The year that was, (almost) all wrapped up
''General practice is great but it’s also bloody hard''. Do you feel as though you're stumbling toward the finishing line this year too? You're not alone... Dr Simon Cowap reflects upon the (often stressful) year that was, and offers some sound advice ahead of the New Year.
I don’t know about you, but I always approach the Christmas break like an under-prepared jogger staggering towards the finish of a fun run. Started out in high spirits, went OK in the middle but by now it’s a lot less fun and seems to be going on forever. Never was a bit of time off so sorely needed!
General practice is a demanding business. It can also be very rewarding, but for most of us the demands and rewards are pretty finely balanced. So called ‘burnout’ is common in the health profession – over half of Australian GPs have considered leaving practice because of work stress. At its most serious we’re all aware of the tragic spate of medical suicides in recent years, particularly amongst junior hospital staff.
For me at least, there’s probably something about the end of year deadline that makes this time of year particularly taxing, but it’s worth taking stock of what makes our line of work particularly stressful. In general, we experience stress when we have more demands placed on us than we have the resources to deal with. Research into the stress of metropolitan general practice suggests the most frequent stressors GPs experience include time pressure, paperwork, phone interruptions, difficult to manage patients and earning enough money. The most severe sources of stress include threat of litigation, time pressure, earning enough money and difficult to manage patients. Unrealistic expectations also feature on both lists. In other words, we have too many interruptions, too many difficult patients, too much litigation and paperwork and not enough time or money. And no magic wand to resolve all the diabolically difficult situations our patients find themselves in.
These are mostly situational or external factors. But there are also things about us, personal attributes that made us want to do medicine in the first place and by and large help us be good doctors, that affect how we respond to these stressors. While many of us didn’t take kindly to the RACGP PLAN activity, most of us are nonetheless very self-reflective and our own sternest critics. Personality traits like empathy, having high standards, being driven, diligent, self-critical and responsible are common among doctors. I want my own medic to have these qualities, but they do tend to make us more vulnerable to stress.
Stresses, both internal and external, abound in general practice. What factors have been shown to help us cope? On the resources side, it would be great if the Medicare rebate was at least double and we were appropriately remunerated for spending more time with our complex patients.

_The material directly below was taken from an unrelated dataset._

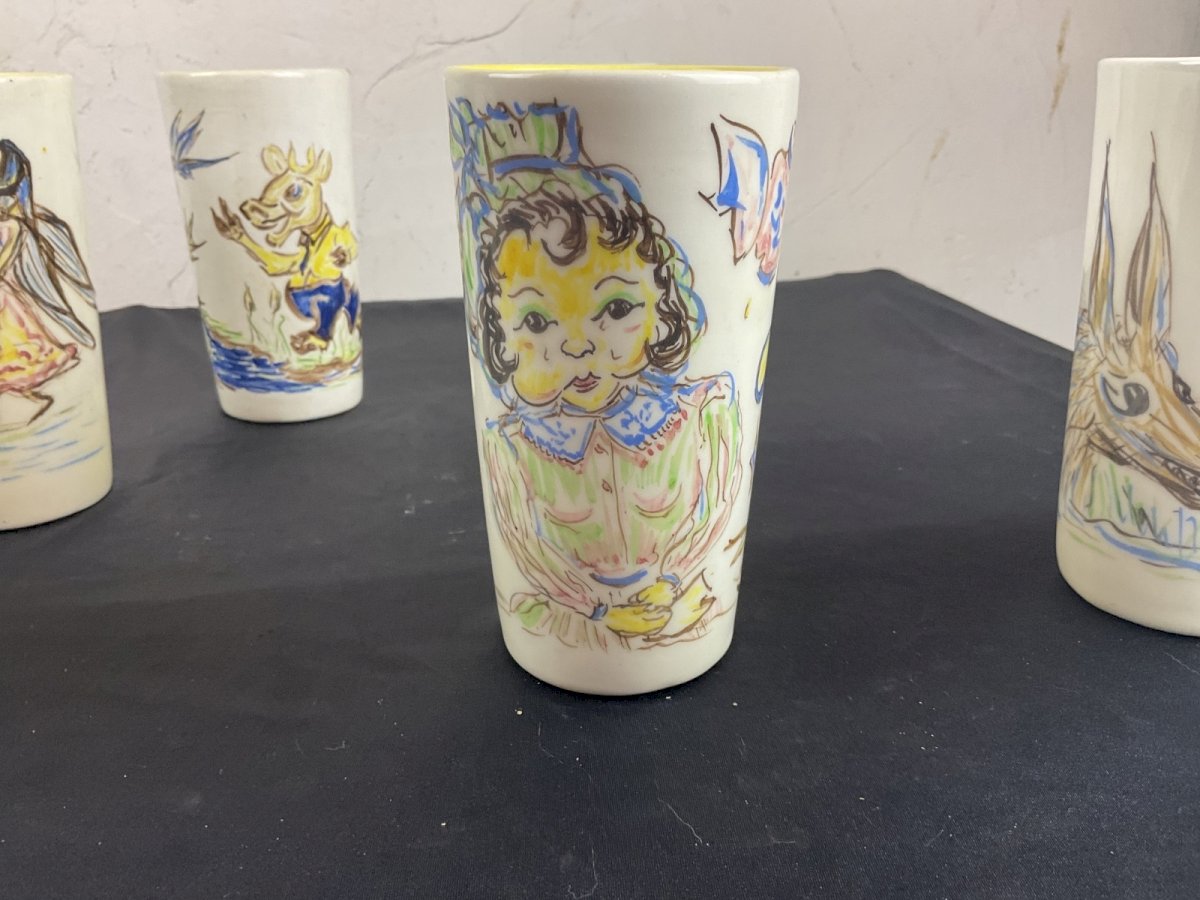 6 Verres - gobelet en céramique vintage fables de la fontaine  Hauteur : 14 cm Attention un gobelet et ébréchée

But while Santa might bring me a revamped MBS schedule that rewards chronic care and time intensive mental health consultations, I doubt the health minister will. Another hour or two in the day would also be helpful, but that’s beyond even Santa.
When it comes to difficult patients, there’s no denying we do need to establish strong boundaries. Many of us probably do need to strengthen our internal border force. But while simple slogans are useful in politics, in reality it’s hard to be empathic and have good rapport while remaining completely immune to our patient’s emotions. Dealing with extremely distressed, anxious or demanding patients inevitably takes some sort of a toll. And sometimes it’s impossible not to resonate somewhat with the sheer sadness of some things we encounter.
Given that a degree of stress is inevitable, we do need to get familiar with how we personally respond and acknowledge when we are having a bad day. Not always easy though. More often than not it’s the kids or the partner who notice it first. ‘Dad why are you so cranky today?’ ‘CRANKY?? I’M NOT CRANKY… ‘
Personally, I find exercise the simplest and most effective way of dispelling the effects of a hard day in the surgery – though like my patients the days when I most need it are the hardest to get motivated. Shouldn’t I just stay on the couch and open a bottle of wine? As GPs we’re all familiar with stress management and I’m not going to try teaching you how to suck eggs. It’s not what to do, but making sure you do it that’s hard. As Mahatma Ghandi allegedly said ‘I meditate for an hour every day, except when the @#*% is really hitting the fan and there’s no time for absolutely anything and then I do it for two.’
But dealing with stress is not something we should do entirely on our own. Research suggests strong personal and professional relationships are the biggest factor in facilitating emotional resilience. Again, I’d say personally apart from exercise the ability to have a good informal debrief with colleagues is probably the thing I find most useful after a tough day. And it’s not just when you’re feeling stressed – improving your professional network and having a sense of camaraderie really helps insulate us from the negative effects of stress.
General practice is great but it’s also bloody hard. Congratulations on making it through the year and take the time to look after yourself and your colleagues this Christmas and in to 2019!
Dr Simon Cowap MBBS (Hons), FRACGP
Simon is something of an accidental GP who likes to pretend he’s an artist trapped in a professional’s body. He dropped out of his first degree (arts) and went to London to play bass guitar in a band too musically challenged even for punks. Dropping back in to university, he subsequently also failed to complete a science degree and a Masters of philosophy. His remarkable lack of artistic success has been continued by the non-publication of his several novels. Somewhere along the line he did finish a medical degree. He still harbours dreams of literary success but his family have forbidden him to give up the day job.